EarnHFT: Efficient Hierarchical Reinforcement Learning for High Frequency Trading

Molei Qin,Shuo Sun,Wentao Zhang,Haochong Xia,Xinrun Wang,Bo An
2023-09-22
Abstract:High-frequency trading (HFT) uses computer algorithms to make trading decisions in short time scales (e.g., second-level), which is widely used in the Cryptocurrency (Crypto) market (e.g., Bitcoin). Reinforcement learning (RL) in financial research has shown stellar performance on many quantitative trading tasks. However, most methods focus on low-frequency trading, e.g., day-level, which cannot be directly applied to HFT because of two challenges. First, RL for HFT involves dealing with extremely long trajectories (e.g., 2.4 million steps per month), which is hard to optimize and evaluate. Second, the dramatic price fluctuations and market trend changes of Crypto make existing algorithms fail to maintain satisfactory performance. To tackle these challenges, we propose an Efficient hieArchical Reinforcement learNing method for High Frequency Trading (EarnHFT), a novel three-stage hierarchical RL framework for HFT. In stage I, we compute a Q-teacher, i.e., the optimal action value based on dynamic programming, for enhancing the performance and training efficiency of second-level RL agents. In stage II, we construct a pool of diverse RL agents for different market trends, distinguished by return rates, where hundreds of RL agents are trained with different preferences of return rates and only a tiny fraction of them will be selected into the pool based on their profitability. In stage III, we train a minute-level router which dynamically picks a second-level agent from the pool to achieve stable performance across different markets. Through extensive experiments in various market trends on Crypto markets in a high-fidelity simulation trading environment, we demonstrate that EarnHFT significantly outperforms 6 state-of-art baselines in 6 popular financial criteria, exceeding the runner-up by 30% in profitability.
Trading and Market Microstructure
What problem does this paper attempt to address?

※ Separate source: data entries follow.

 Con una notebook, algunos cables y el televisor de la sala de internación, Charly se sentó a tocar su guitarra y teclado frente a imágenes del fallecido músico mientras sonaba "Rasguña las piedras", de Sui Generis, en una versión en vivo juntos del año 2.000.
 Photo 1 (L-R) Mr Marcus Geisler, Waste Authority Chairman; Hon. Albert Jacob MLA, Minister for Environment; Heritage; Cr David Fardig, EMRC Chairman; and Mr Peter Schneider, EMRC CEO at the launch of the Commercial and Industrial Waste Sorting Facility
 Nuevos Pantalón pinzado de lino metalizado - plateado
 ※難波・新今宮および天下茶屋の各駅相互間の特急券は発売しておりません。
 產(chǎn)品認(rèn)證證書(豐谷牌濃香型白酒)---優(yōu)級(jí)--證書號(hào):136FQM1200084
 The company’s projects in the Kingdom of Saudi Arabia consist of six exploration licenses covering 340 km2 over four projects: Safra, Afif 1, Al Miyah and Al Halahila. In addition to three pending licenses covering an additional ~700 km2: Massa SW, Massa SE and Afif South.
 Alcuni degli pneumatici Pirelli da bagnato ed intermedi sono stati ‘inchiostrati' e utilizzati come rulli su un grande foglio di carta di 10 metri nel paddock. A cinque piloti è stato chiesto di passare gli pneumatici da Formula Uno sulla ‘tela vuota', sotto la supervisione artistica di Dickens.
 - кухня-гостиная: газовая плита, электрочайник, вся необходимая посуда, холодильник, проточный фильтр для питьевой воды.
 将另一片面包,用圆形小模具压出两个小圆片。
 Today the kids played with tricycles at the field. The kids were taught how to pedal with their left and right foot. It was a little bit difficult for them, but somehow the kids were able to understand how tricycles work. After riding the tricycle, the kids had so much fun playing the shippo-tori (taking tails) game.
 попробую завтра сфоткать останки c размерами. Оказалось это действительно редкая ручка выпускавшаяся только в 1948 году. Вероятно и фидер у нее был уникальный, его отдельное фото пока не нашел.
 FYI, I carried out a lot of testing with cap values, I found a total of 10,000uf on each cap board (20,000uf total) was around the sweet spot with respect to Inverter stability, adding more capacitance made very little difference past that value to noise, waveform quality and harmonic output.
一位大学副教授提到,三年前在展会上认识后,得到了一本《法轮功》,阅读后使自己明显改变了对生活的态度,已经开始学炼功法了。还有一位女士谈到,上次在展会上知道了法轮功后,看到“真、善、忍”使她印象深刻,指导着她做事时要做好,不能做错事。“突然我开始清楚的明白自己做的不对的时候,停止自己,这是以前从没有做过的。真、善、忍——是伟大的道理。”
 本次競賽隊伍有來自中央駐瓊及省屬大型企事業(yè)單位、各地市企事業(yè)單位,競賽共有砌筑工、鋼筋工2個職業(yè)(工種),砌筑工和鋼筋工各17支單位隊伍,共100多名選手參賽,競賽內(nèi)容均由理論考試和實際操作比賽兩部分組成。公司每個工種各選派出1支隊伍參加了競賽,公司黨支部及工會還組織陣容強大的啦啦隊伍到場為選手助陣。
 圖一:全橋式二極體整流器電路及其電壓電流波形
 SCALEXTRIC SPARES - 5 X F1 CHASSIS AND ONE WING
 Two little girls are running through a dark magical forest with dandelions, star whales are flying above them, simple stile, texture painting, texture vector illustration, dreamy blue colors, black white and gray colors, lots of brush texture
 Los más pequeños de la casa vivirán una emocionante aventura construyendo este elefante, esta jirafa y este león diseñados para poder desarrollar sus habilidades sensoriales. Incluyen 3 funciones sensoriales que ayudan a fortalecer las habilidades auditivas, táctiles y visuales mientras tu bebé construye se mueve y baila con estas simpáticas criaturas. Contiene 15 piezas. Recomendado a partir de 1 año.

The paper primarily proposes a new solution for high-frequency trading (HFT) in the cryptocurrency market. Specifically, it attempts to address the following two main issues: 1. **Low data efficiency due to extremely long time spans**: In HFT, decisions need to be made every second, resulting in a very long time span (e.g., approximately 2.4 million steps per month). This leads to low data efficiency in reinforcement learning (RL) training, requiring more data to converge, thereby increasing the demand for computational resources. 2. **Strategy performance degradation due to drastic market changes**: The cryptocurrency market is highly volatile, with frequent changes in market trends. In such cases, agents trained on historical data often fail to maintain good trading performance when faced with significant market trend changes. To address these challenges, the paper proposes a new framework called EarnHFT (Efficient Hierarchical Reinforcement Learning method for High-Frequency Trading). This framework consists of three stages: - **Stage I**: By constructing a Q-teacher (i.e., the optimal action value calculated based on dynamic programming) to assist in training the second-level RL agent, thereby improving its performance and training efficiency. - **Stage II**: In this stage, the authors trained a large number of second-level RL agents with different market trend preferences and selected a small subset of the best-performing agents to form a strategy pool. - **Stage III**: A minute-level router was trained, which can dynamically select second-level agents from the strategy pool to achieve stable performance under different market conditions. Through extensive experimental validation, EarnHFT performed excellently under different market trends, significantly outperforming six state-of-the-art baseline methods, achieving at least a 30% improvement in profitability across six popular financial metrics.